PROBLEM TO SOLVE » Could you please retype exactly the lines from the start of the records below through the line that contains "Nylon taslon with", both included, and leave out the pictures?

[Entries taken from a collection]
○ ○ ○ ○

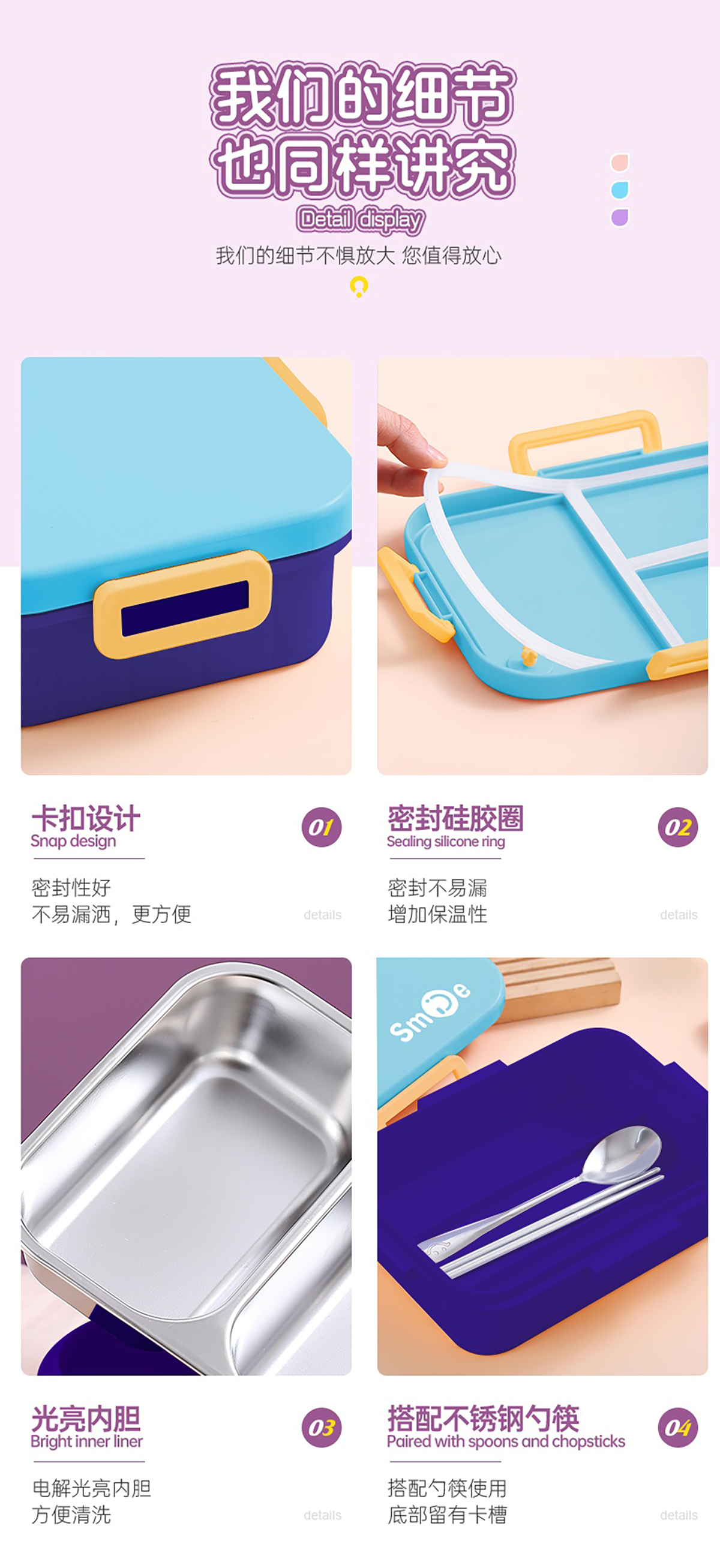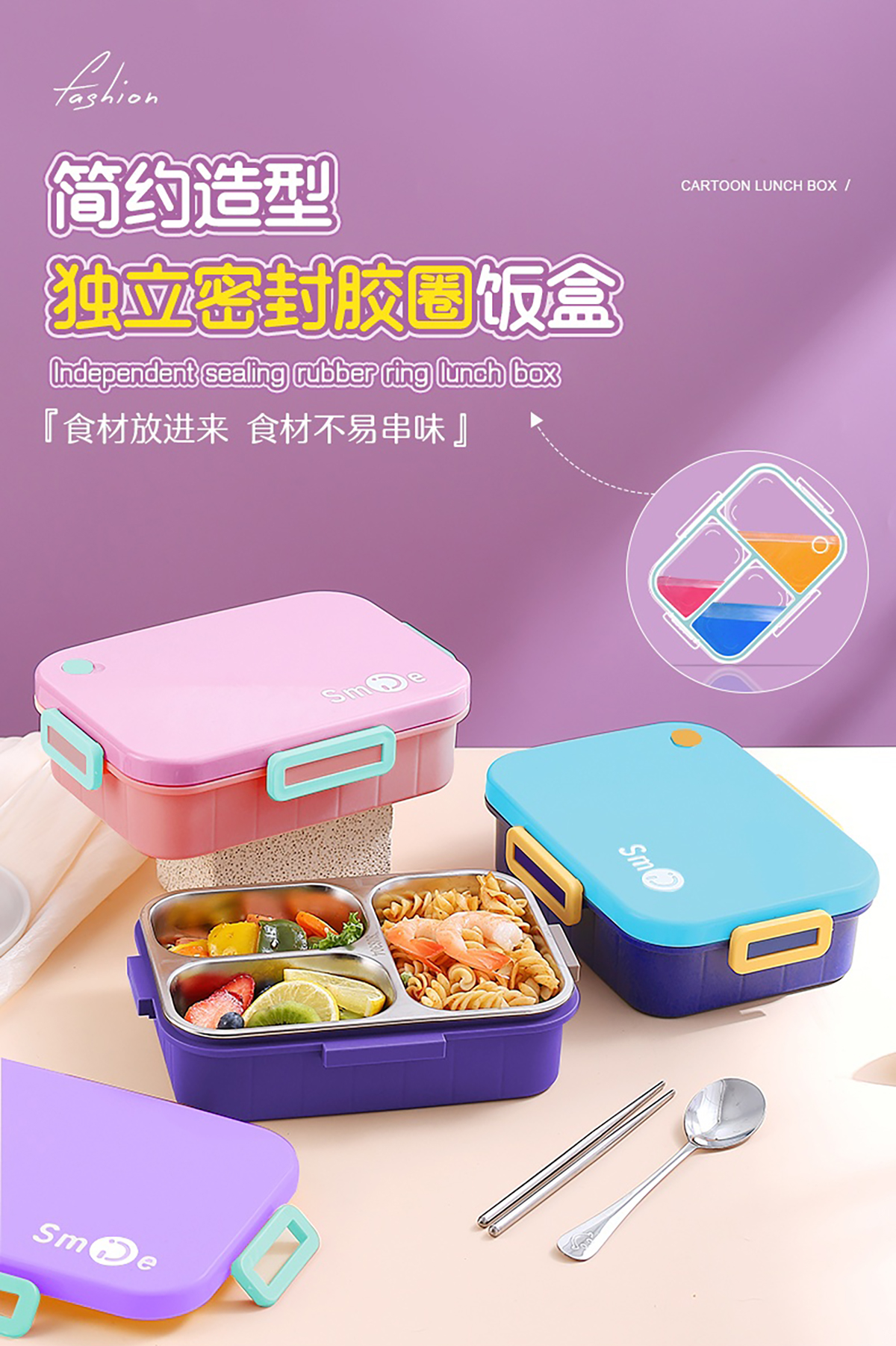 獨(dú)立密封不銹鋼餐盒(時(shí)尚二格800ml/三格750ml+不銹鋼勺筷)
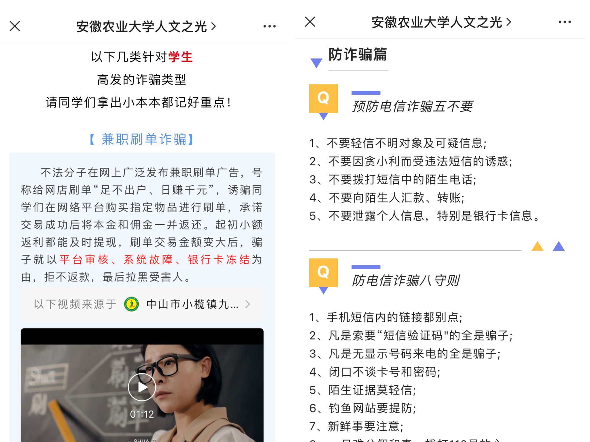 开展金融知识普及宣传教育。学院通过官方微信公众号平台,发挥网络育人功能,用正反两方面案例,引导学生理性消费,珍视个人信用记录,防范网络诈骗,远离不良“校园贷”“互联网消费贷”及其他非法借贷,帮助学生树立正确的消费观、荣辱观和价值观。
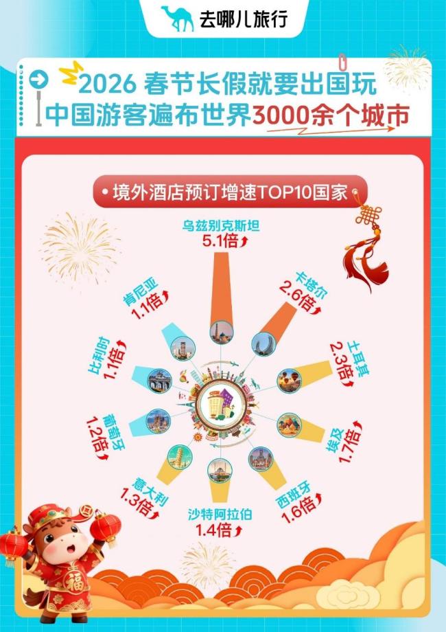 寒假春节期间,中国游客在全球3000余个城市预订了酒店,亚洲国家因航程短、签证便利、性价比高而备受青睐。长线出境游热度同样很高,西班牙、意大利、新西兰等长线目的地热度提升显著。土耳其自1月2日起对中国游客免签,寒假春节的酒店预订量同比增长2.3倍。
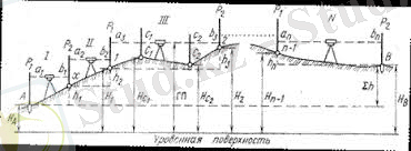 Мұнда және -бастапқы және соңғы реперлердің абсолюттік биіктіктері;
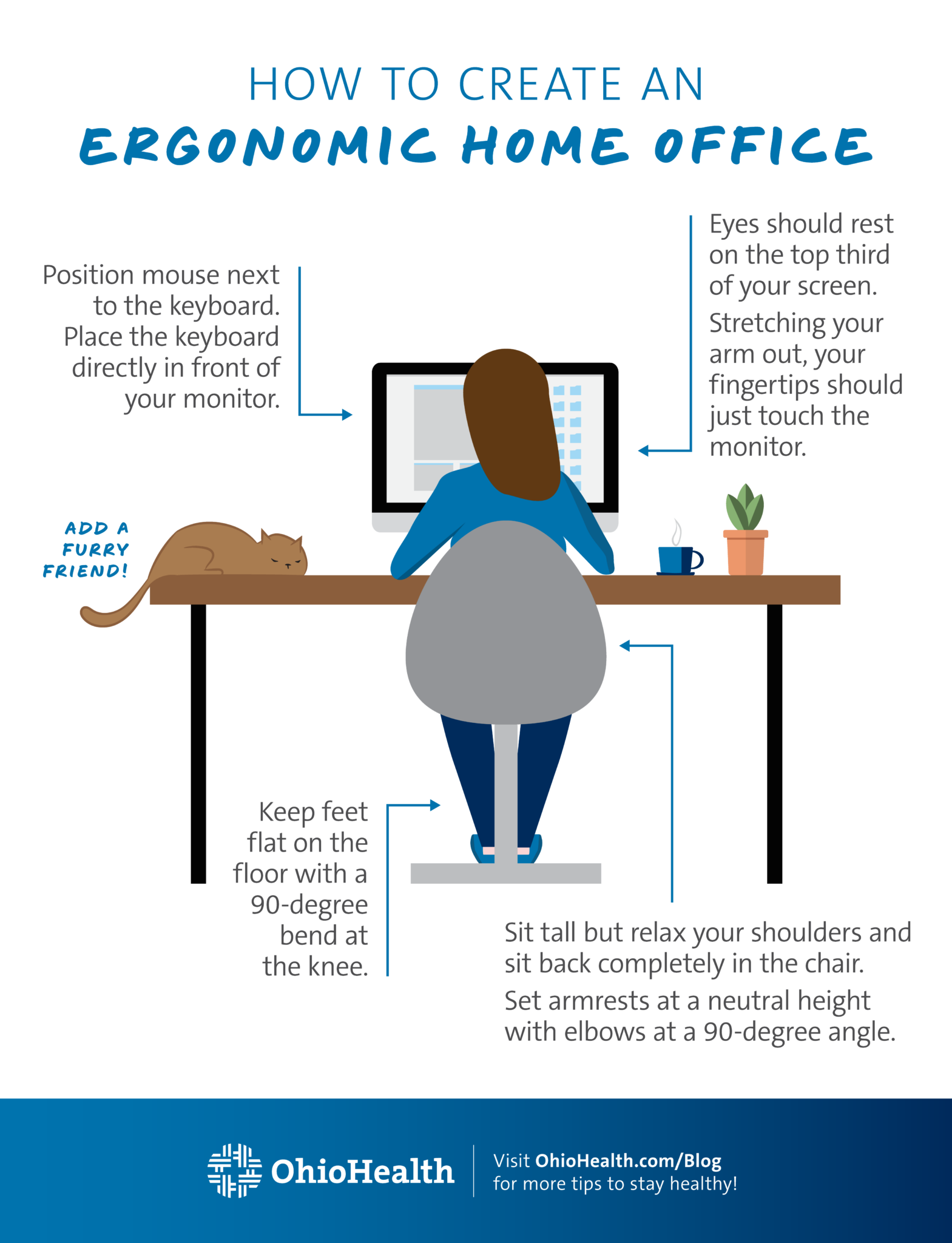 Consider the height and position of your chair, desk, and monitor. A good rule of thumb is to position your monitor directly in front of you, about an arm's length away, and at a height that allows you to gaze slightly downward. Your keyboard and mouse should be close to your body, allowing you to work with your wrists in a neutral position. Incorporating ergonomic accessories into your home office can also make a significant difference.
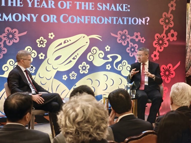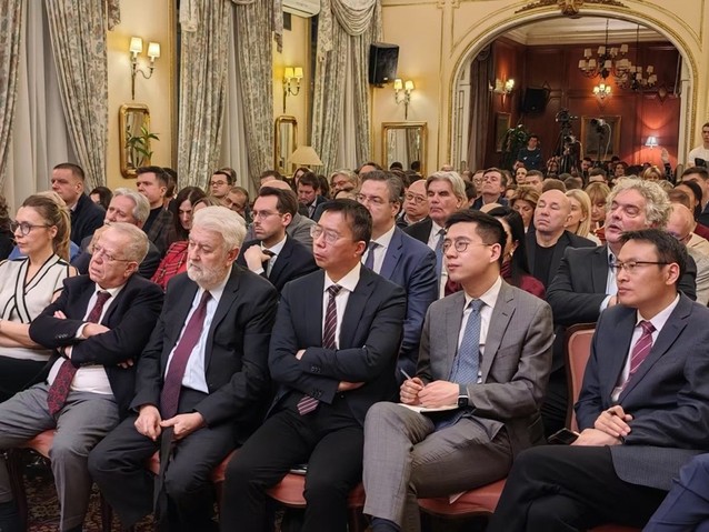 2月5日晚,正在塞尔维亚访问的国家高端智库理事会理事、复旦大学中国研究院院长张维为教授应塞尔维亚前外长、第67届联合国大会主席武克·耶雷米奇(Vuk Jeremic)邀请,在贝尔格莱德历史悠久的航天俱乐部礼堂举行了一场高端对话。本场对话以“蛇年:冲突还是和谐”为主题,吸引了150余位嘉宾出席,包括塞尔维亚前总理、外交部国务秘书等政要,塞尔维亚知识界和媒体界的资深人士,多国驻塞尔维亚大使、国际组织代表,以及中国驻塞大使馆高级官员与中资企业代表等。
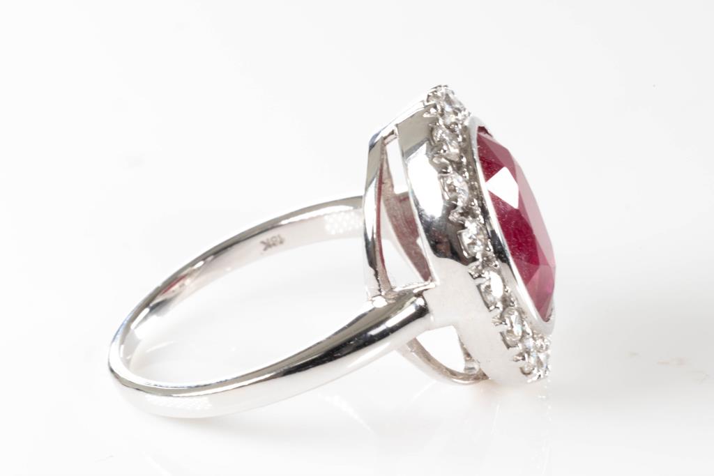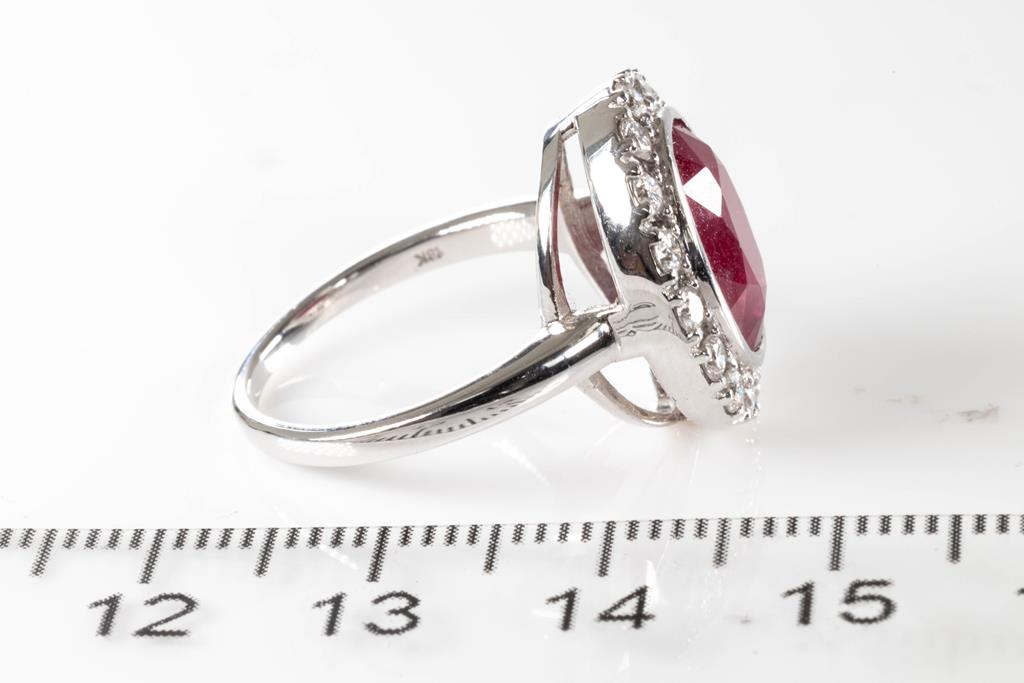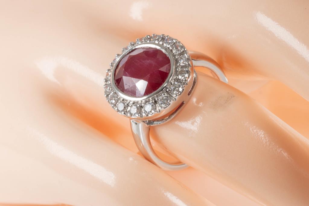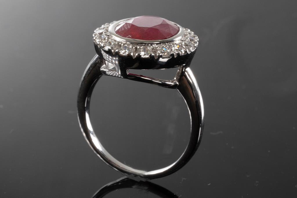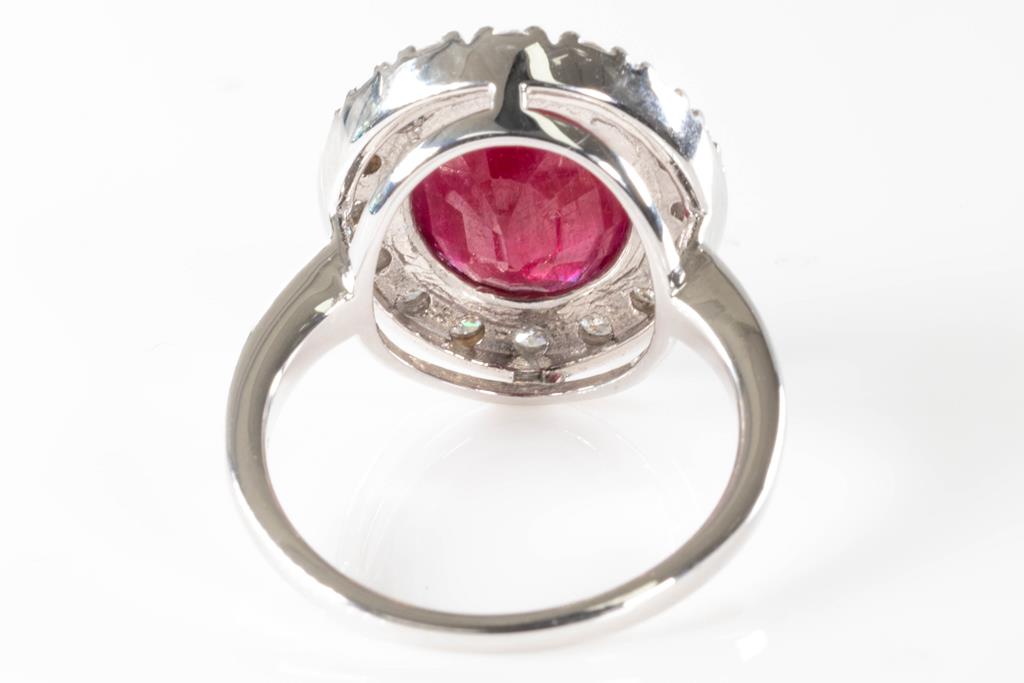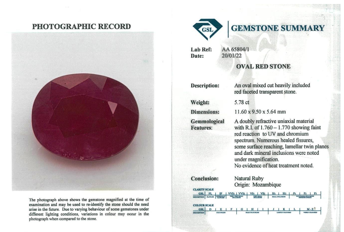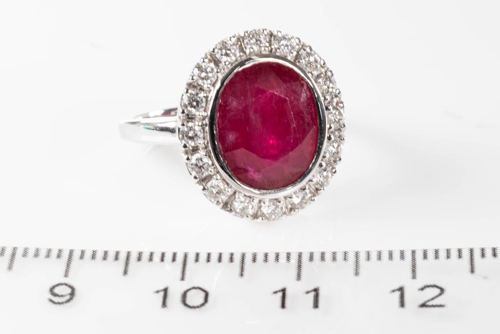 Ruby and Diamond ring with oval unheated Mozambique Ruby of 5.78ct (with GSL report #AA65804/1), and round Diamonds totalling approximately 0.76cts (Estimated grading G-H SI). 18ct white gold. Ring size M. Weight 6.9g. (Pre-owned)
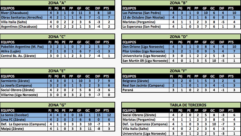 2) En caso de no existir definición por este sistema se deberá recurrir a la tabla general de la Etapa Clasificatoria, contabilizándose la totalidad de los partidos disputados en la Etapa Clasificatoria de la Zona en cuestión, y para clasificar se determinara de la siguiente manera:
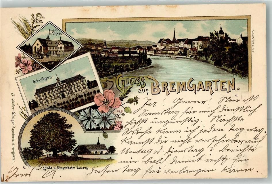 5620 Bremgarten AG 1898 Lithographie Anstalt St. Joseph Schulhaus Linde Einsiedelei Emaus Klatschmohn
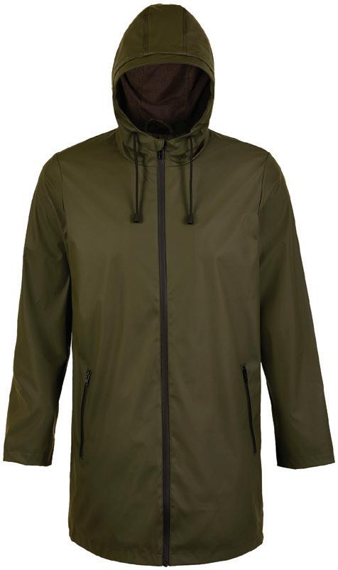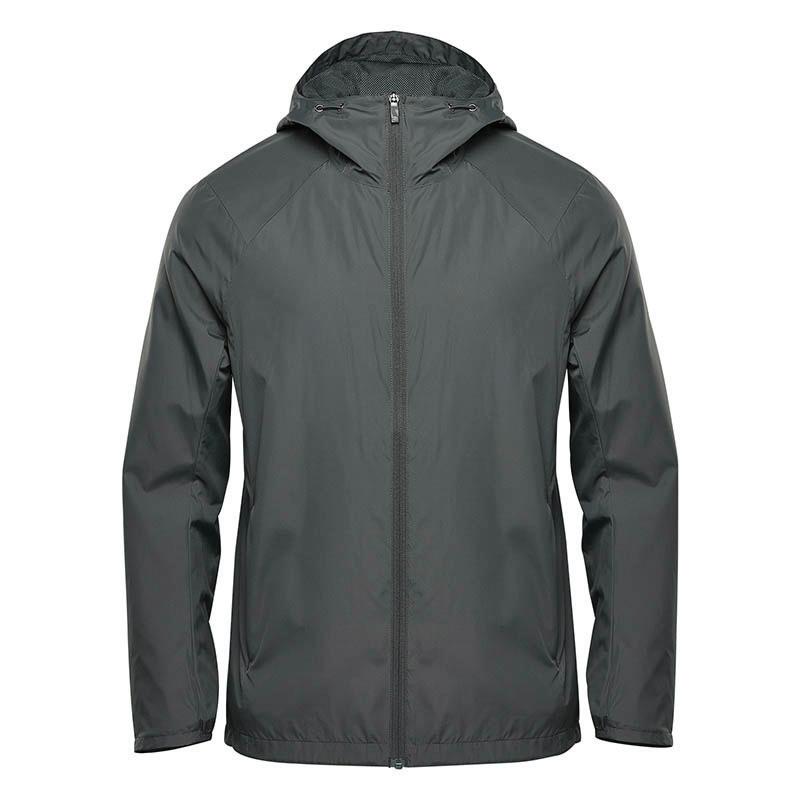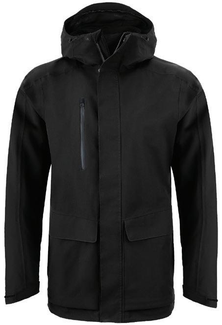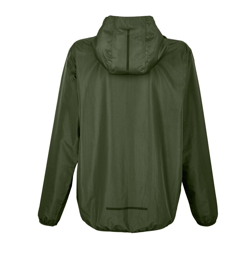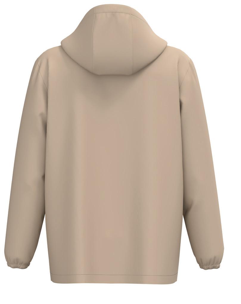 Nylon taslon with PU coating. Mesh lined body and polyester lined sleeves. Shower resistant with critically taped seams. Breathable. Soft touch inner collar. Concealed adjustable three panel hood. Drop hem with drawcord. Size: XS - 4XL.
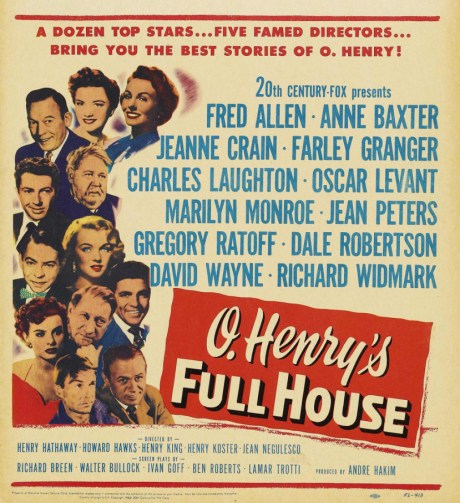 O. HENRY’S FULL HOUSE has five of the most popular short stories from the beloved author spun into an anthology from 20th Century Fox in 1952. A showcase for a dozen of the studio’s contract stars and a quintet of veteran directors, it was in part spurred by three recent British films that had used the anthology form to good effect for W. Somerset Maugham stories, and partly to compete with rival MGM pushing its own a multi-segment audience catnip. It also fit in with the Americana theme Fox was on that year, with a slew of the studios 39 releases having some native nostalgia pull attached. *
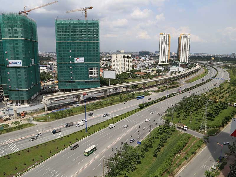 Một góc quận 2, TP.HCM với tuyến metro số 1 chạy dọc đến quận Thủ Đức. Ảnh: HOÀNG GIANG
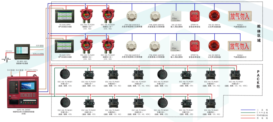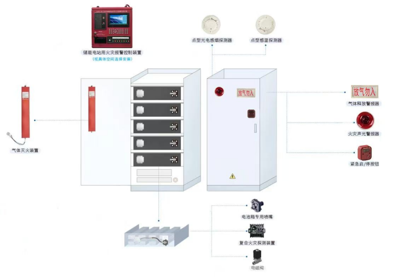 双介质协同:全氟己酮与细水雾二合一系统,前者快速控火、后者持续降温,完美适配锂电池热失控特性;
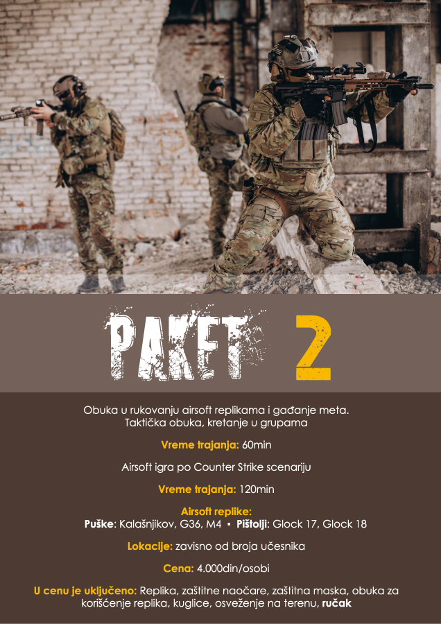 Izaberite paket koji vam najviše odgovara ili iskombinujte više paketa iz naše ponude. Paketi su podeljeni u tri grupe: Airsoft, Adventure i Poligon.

○ ○ ○ ○

RESPONSE AREA »
 獨(dú)立密封不銹鋼餐盒(時(shí)尚二格800ml/三格750ml+不銹鋼勺筷)
 开展金融知识普及宣传教育。学院通过官方微信公众号平台,发挥网络育人功能,用正反两方面案例,引导学生理性消费,珍视个人信用记录,防范网络诈骗,远离不良“校园贷”“互联网消费贷”及其他非法借贷,帮助学生树立正确的消费观、荣辱观和价值观。
 寒假春节期间,中国游客在全球3000余个城市预订了酒店,亚洲国家因航程短、签证便利、性价比高而备受青睐。长线出境游热度同样很高,西班牙、意大利、新西兰等长线目的地热度提升显著。土耳其自1月2日起对中国游客免签,寒假春节的酒店预订量同比增长2.3倍。
 Мұнда және -бастапқы және соңғы реперлердің абсолюттік биіктіктері;
 Consider the height and position of your chair, desk, and monitor. A good rule of thumb is to position your monitor directly in front of you, about an arm's length away, and at a height that allows you to gaze slightly downward. Your keyboard and mouse should be close to your body, allowing you to work with your wrists in a neutral position. Incorporating ergonomic accessories into your home office can also make a significant difference.
 2月5日晚,正在塞尔维亚访问的国家高端智库理事会理事、复旦大学中国研究院院长张维为教授应塞尔维亚前外长、第67届联合国大会主席武克·耶雷米奇(Vuk Jeremic)邀请,在贝尔格莱德历史悠久的航天俱乐部礼堂举行了一场高端对话。本场对话以“蛇年:冲突还是和谐”为主题,吸引了150余位嘉宾出席,包括塞尔维亚前总理、外交部国务秘书等政要,塞尔维亚知识界和媒体界的资深人士,多国驻塞尔维亚大使、国际组织代表,以及中国驻塞大使馆高级官员与中资企业代表等。
 Ruby and Diamond ring with oval unheated Mozambique Ruby of 5.78ct (with GSL report #AA65804/1), and round Diamonds totalling approximately 0.76cts (Estimated grading G-H SI). 18ct white gold. Ring size M. Weight 6.9g. (Pre-owned)
 2) En caso de no existir definición por este sistema se deberá recurrir a la tabla general de la Etapa Clasificatoria, contabilizándose la totalidad de los partidos disputados en la Etapa Clasificatoria de la Zona en cuestión, y para clasificar se determinara de la siguiente manera:
 5620 Bremgarten AG 1898 Lithographie Anstalt St. Joseph Schulhaus Linde Einsiedelei Emaus Klatschmohn
 Nylon taslon with PU coating. Mesh lined body and polyester lined sleeves. Shower resistant with critically taped seams. Breathable. Soft touch inner collar. Concealed adjustable three panel hood. Drop hem with drawcord. Size: XS - 4XL.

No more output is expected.